Textures, cudaArrays and RGBA channels filling, binding, and reading back Textures and cudaArrays

Hi everybody! first of all, sorry if this topic is (or has been) posted in other forum, but the fact is that I haven’t found this required information.

I kind of understand how to do things like filling, binding and reading back data stored in textures and/or cudaArrays, but I just can’t understand how to work with these data structures in RGBA channels.

There is a simple code that fills, binds and read back some data:

#include <stdlib.h>

#include <stdio.h>

#define width	16

#define height	16

// declare texture reference for 2D float texture

texture<float, 2, cudaReadModeElementType> tex;

__global__ void TextureKernel(float* data){

	// calculate texture coordinates

	unsigned int x = (blockIdx.x*blockDim.x + threadIdx.x);

	unsigned int y = (blockIdx.y*blockDim.y + threadIdx.y);

	// read from texture and write to global memory

	data[y * width + x] = tex2D(tex, x + 0.5f, y + 0.5f);

}

int main(int argc, char **argv){

	int i, j;

	size_t size = width * height * sizeof(float);

	

	//host input and output data

	float* h_data = (float*) malloc(size);

	float* result_data = (float*) malloc(size);

	// allocate device memory for result

	float* d_data = NULL;

	cudaMalloc((void**) &d_data, size);

	

	for(i=0;i<height;i++)

		for(j=0;j<width;j++)

			h_data[i*width + j] = (float) (i*width + j);

			

	// allocate array and copy input data

	cudaChannelFormatDesc channelDesc = cudaCreateChannelDesc(32, 0, 0, 0, cudaChannelFormatKindFloat);

	cudaArray* cu_array;

	cudaMallocArray( &cu_array, &channelDesc, width, height); 

	cudaMemcpyToArray( cu_array, 0, 0, h_data, size, cudaMemcpyHostToDevice);

	// set texture parameters

	tex.addressMode[0] = cudaAddressModeWrap;

	tex.addressMode[1] = cudaAddressModeWrap;

	tex.filterMode = cudaFilterModeLinear;

	tex.normalized = false;	// access with normalized texture coordinates

	

	// Bind the array to the texture

	cudaBindTextureToArray( tex, cu_array, channelDesc);

	

	dim3 dimBlock(8, 8);

	dim3 dimGrid(2,2);

	// warmup

	TextureKernel<<< dimGrid, dimBlock >>>(d_data);

	

	cudaMemcpy(result_data, d_data, size, cudaMemcpyDeviceToHost);

	

	for(i=0;i<height;i++){

		for(j=0;j<width;j++)

			printf("%f ", result_data[i*width + j]);

		printf("\n");

	}

	

	//printf("Hola Mundo!\n");

}

But all these tings are done working only in one channel, I understand that when we create a ChannelDescription we can do something like this:

cudaChannelFormatDesc  = cudaCreateChannelDesc(rBits, gBits, bBits, aBits, datatype);

where Bits, gBits, bBits and aBits correspond to the number of bits used to store data in each RGBA channel respectively, in my code there is

cudaChannelFormatDesc channelDesc = cudaCreateChannelDesc(32, 0, 0, 0, cudaChannelFormatKindFloat);

which means (I guess )that I’m only using Red channel.

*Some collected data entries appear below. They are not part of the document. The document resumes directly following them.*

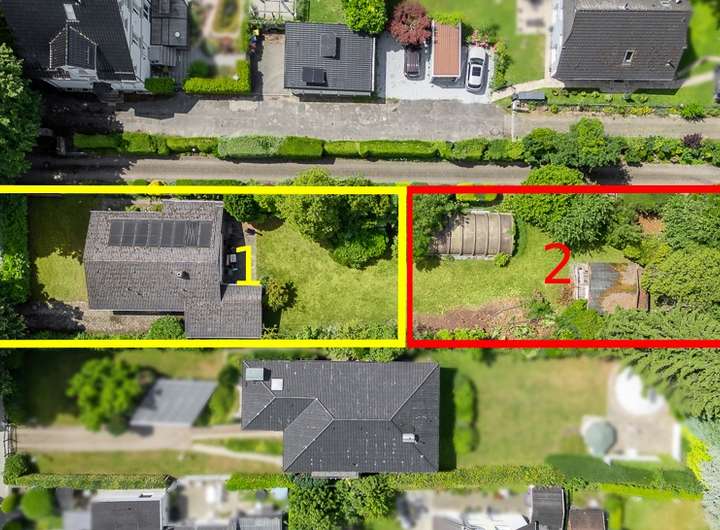 Derzeit wird das Grundstück bereits real in zwei getrennte neue Flurstücke aufgeteilt. Es entsteht ein vorderes und ein rückwärtiges Grundstück, die getrennt oder zusammen erworben werden können.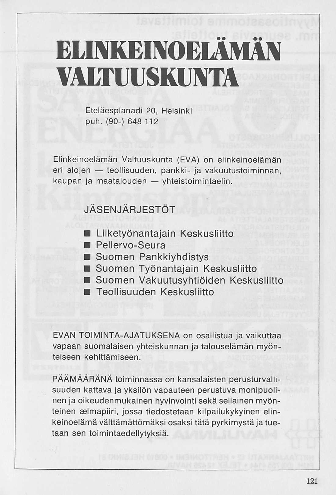 EVAN TOIMINTA-AJATUKSENA on osallistua ja vaikuttaa vapaan suomalaisen yhteiskunnan ja talouselämän myönteiseen kehittämiseen.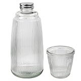 - Two-Part Design: Our glass set consists of two parts – the bottle with lid and the glass tumbler. The tumbler sits snug on top of the carafe bottle, creating a cohesive and visually appealing ensemble.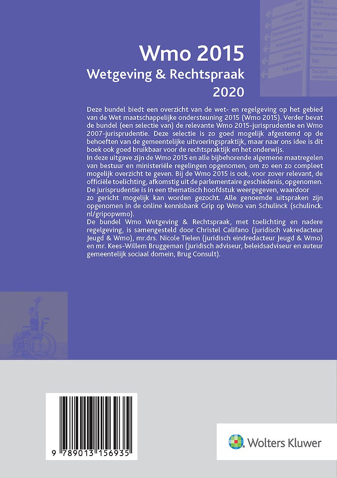 Deze 2020-editie bevat nieuwe jurisprudentie, thematisch geordend voor uw gebruiksgemak. Wanneer u werkzaam bent in de gemeentelijke uitvoeringspraktijk, dan kunt u niet om de Wet maatschappelijke ondersteuning (Wmo 2015) heen. Wmo 2015 Wetgeving & Rechtspraak 2020 biedt een overzicht van de wet- en regelgeving op het gebied van deze wet en aanverwante regelingen. Ook treft u een selectie van de relevante Wmo 2015-jurisprudentie en Wmo 2007-jurisprudentie. Deze selectie is zo goed mogelijk afgestemd op de be¬hoeften van de gemeentelijke uitvoeringspraktijk. Hiernaast leent de uitgave zich goed als naslagwerk voor de rechtspraktijk en het onderwijs.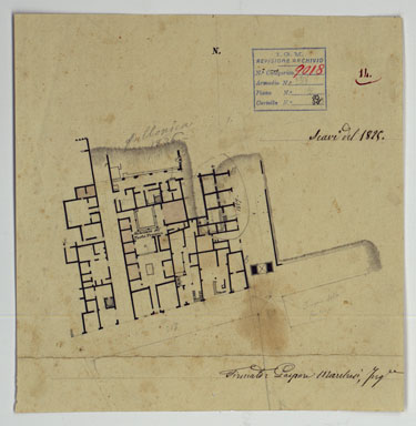 "Docum. 63. Trentatrè minute a scale varie e di dimensioni diverse, dei rilievi eseguiti dal 1826 al 1840 dall'Ing. Marchesi parte dei quali servirono per la costruzione della "Pianta degli scavi di Pompei" (Docum. 61 - n. di categorico 9016). Annessi due grafici delle triangolazioni eseguite nel 1837 e una minuta dei rilievi eseguiti nel 1852 dall'Ing. Mezzacapo."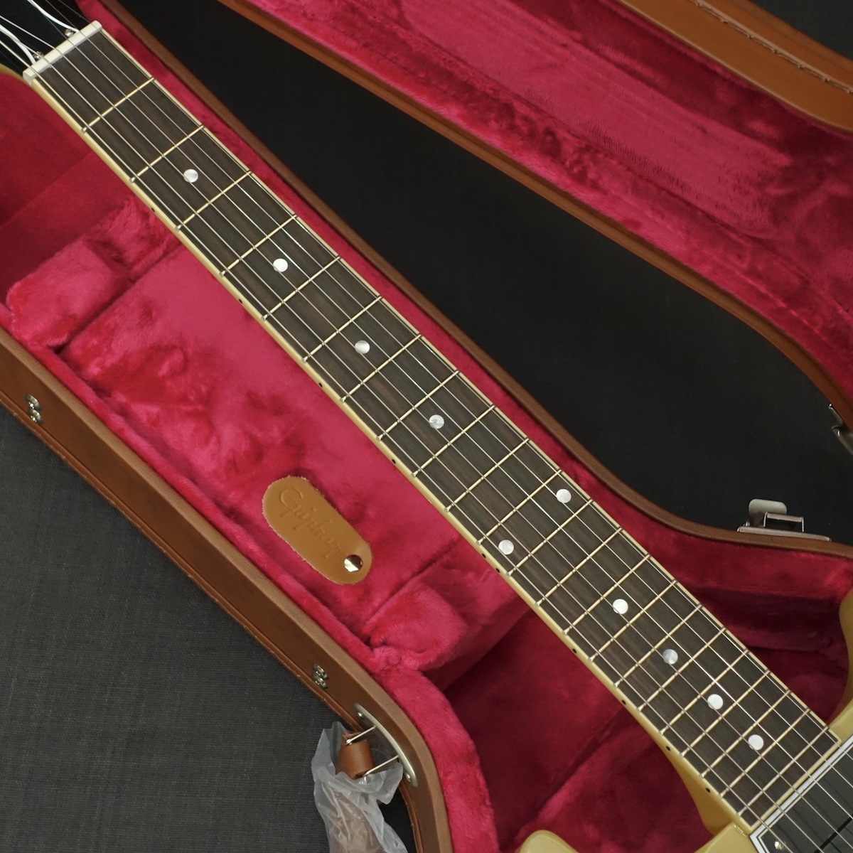 外張りがブラウン色で内張りがピンク色のヴィンテージスタイルのハードケースが付属します。

[b]Also I understand that cudaArrays are composed by elements each of which has 1, 2 or 4 components, I gess… one component per channel, (TELL ME IF I’M WRONG!!).

The question is…, if I make something like these…

cudaChannelFormatDesc channelDesc = cudaCreateChannelDesc(32, 32, 32, 32, cudaChannelFormatKindFloat);

How should I allocate array, copy my INPUT_DATA?, and after that, how can I read back the output data???, I mean, how can I copy data to my cudaArray to store data on each RGBA components??? and then, after binding my Texture to my cudaArray, how can I access my stored data in RGBA channels from the texture in a computing kernel. I want to do something like my previous code does, but using all the RGBA channels.

[/b]

I hope i made myself easy to understand, and any help will be welcome, I am thankful beforehand!